Visual Dashboards: Use tools like Power BI to create intuitive dashboards that visualize validation progress, compliance, and areas needing attention.

Technical Approaches for Data Validation

Scheduled Health Reports: Automate periodic checks using schedulers to assess overall system health.
Extend ACS Commons Reports for validate assets + generate targeted reports by query, path, or metadata filters.
External Validations before ingesting data: This would definitely have been a good approach to lighten AEM load. However, there are few challenges:
- Dependency on other team to update the rules
- We would still need an approach to identify issues in existing assets/ones updated manually/ gradual clean-up of medium-low priority data.

I am inclining towards Custom Reporting and Storage by using:

"DAM Update Asset workflow + ACS Commons Reports" for medium/low compliance issues
Rejecting assets with severe compliance issues.

Store validation results for non-compliant assets in /var nodes, enabling:

Extracting specific reports for Metadata-specific cleanup tasks.
Easy mapping to visual dashboards for better analysis

Please do share your thoughts if you see any challenges/improvements.

Aanchal Sikka

View solution in original post

Tethich · 11/22/24

Hi @aanchal-sikka

Is it possible to expand a little more the subject ? How does your current import process looks like ? How do all the parties involved in the ingestion integrate ? When and where do you expect the regular quality checks on the content to happen ? What does it mean for you that a metadata compliance is failing ? Some diagrams or screenshot also would not hurt.

aanchal-sikka · 11/22/24

@Tethich

Thanks for the queries. Sharing details below:

The import is done by AEM by reading the Asset & related metadata from a location.
Integration is a pull mechanism from AEM, by reading S3 buckets.
Checks can be at Asset Import:
- Assets to be rejected if severe compliance issue in metadata
- Assets accepted with minor compliance issues in metadata. These should be reported by regular health checks.
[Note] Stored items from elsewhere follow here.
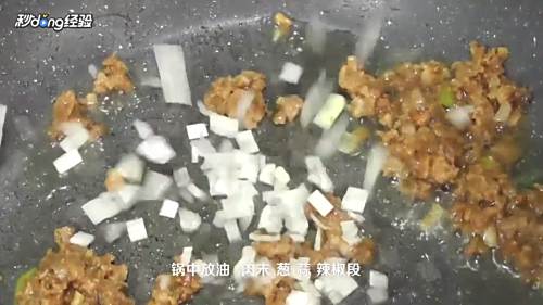 2入锅炒制:锅中放油、肉末、葱、蒜、辣椒段。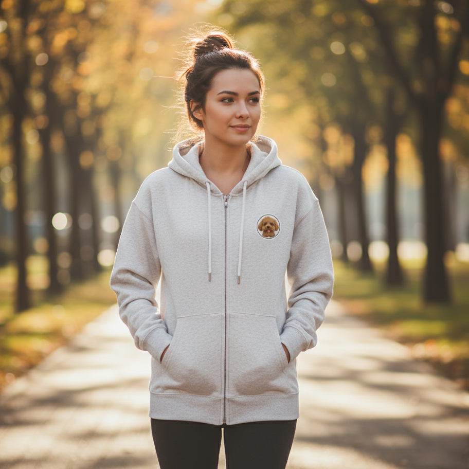 동글동글하고 폭신해 보이는 푸들의 얼굴을 원형 로고 안에 담아, 일상적인 후드 집업에 귀여운 포인트를 더했습니다.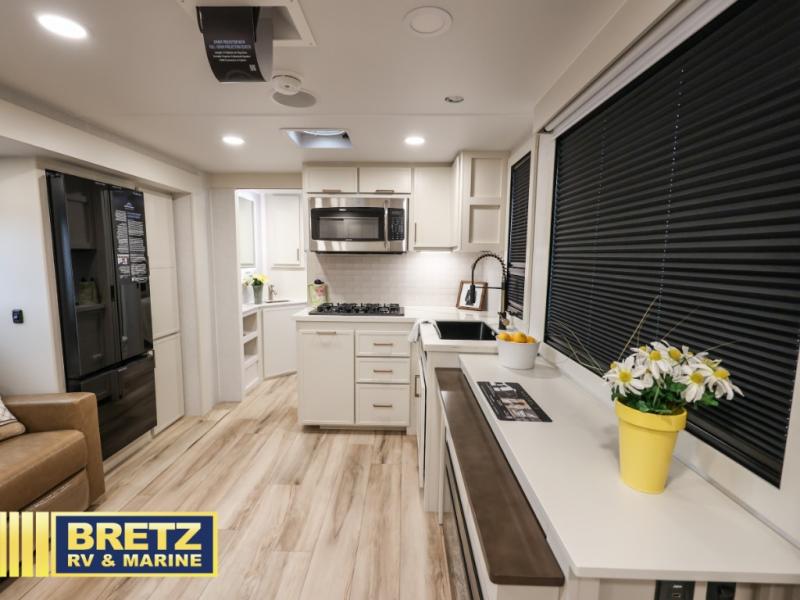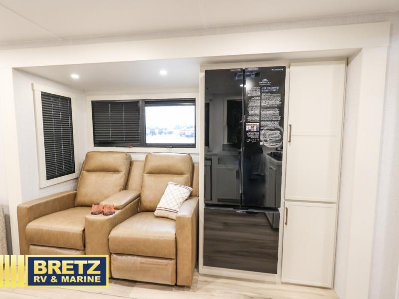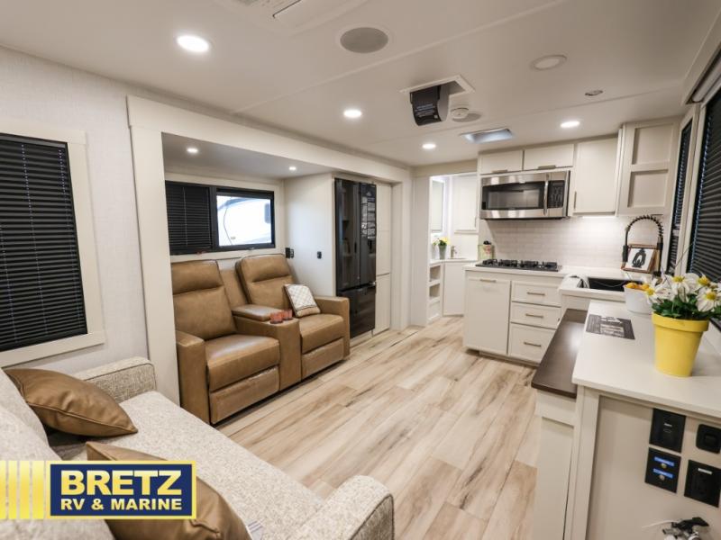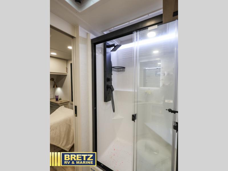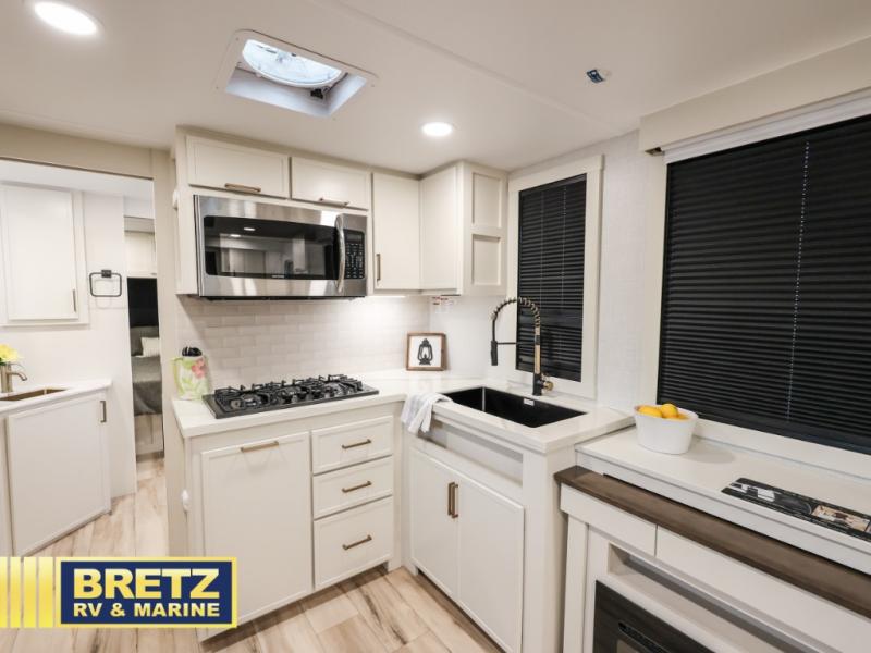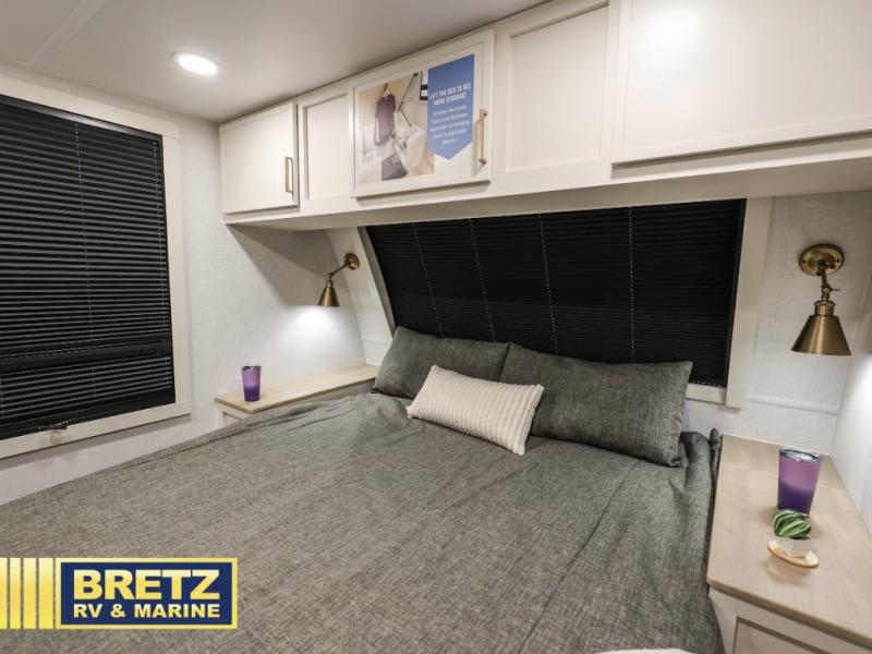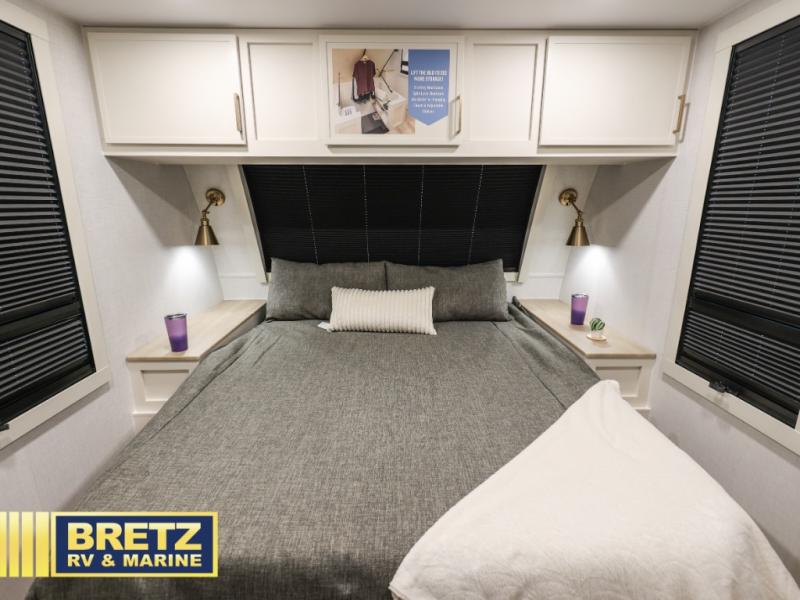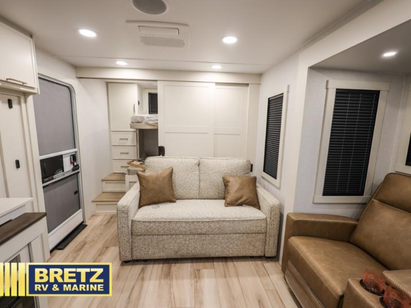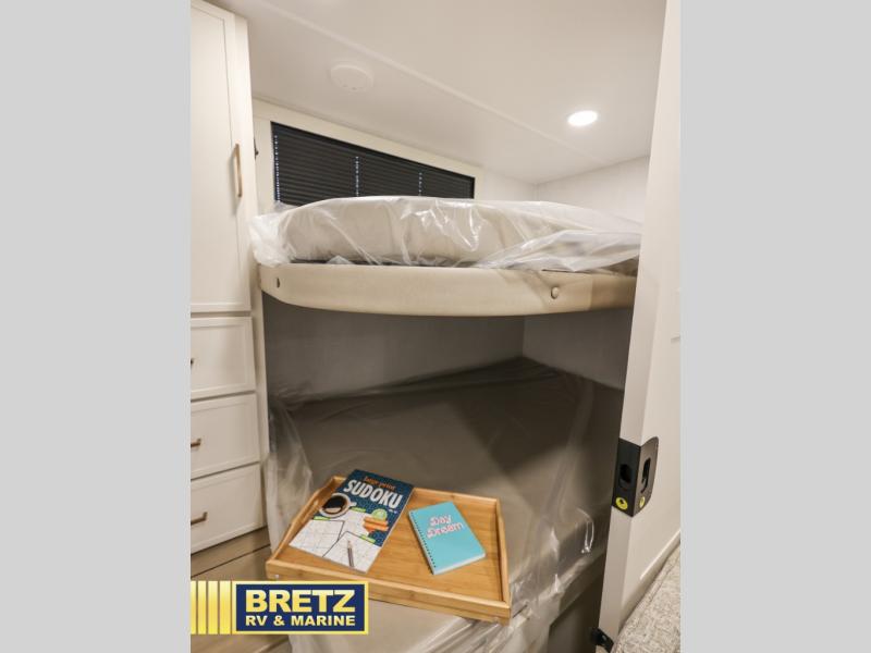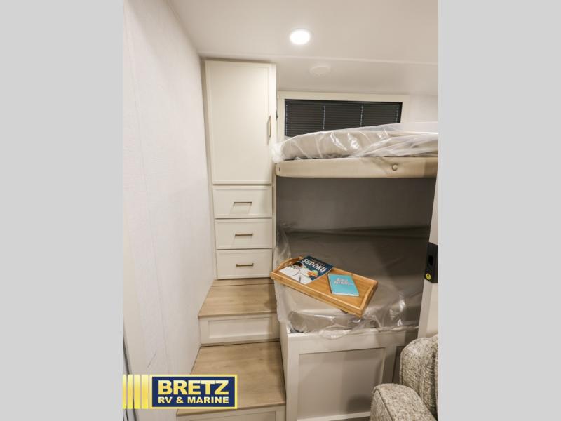 Grab the whole gang and head to the campground in this bunkhouse travel trailer! The 48" x 74" bunks can sleep two to four, and there is a floor to ceiling storage cabinet with drawers, a top bunk window, outlets and USB ports, plus double space-saving pocket doors. Up front you'll find the master bedroom with a 66" x 80" king bed and a MaxSpace Split-Level Wardrobe, TV prep, your own exterior entry door, plus quick access to the walk-thru bath. Everyone can meet in the combined kitchen and living room to relax on the theater seating or tri-fold sofa, and there is pull-out dining table with a drawer and a window above for great outdoor views. The outside is just as accommodating as the inside with its exterior speakers, LED chassis lighting, rear storage compartment with dual access doors, and exterior 12V refrigerator for cold drinks!

Non-compliance can be if metadata is from a specific set of values, format etc.

Aanchal Sikka

narendragandhi · 11/22/24

Hi @aanchal-sikka

For the regular scheduled quality check, it can be a scheduled job which can get the list of updated assets in a time period. This will perform the specified checks and then add/update a field in metadata that keeps track of the last review date.

For the API to fetch metadata of assets, you can explore this - https://developer.adobe.com/experience-cloud/experience-manager-apis/api/experimental/assets/author/

Hope this helps!

Narendra

Tethich · 11/22/24

In am thinking that you might lift some of the burden from AEM and have a separate app, maybe built with microservices, that runs periodically, checks the objects metadatas in Amazon S3 based on your criteria and marks the metadata accordingly. So that when AEM will pull the stuff it will already know if data was validated or not before ingesting it.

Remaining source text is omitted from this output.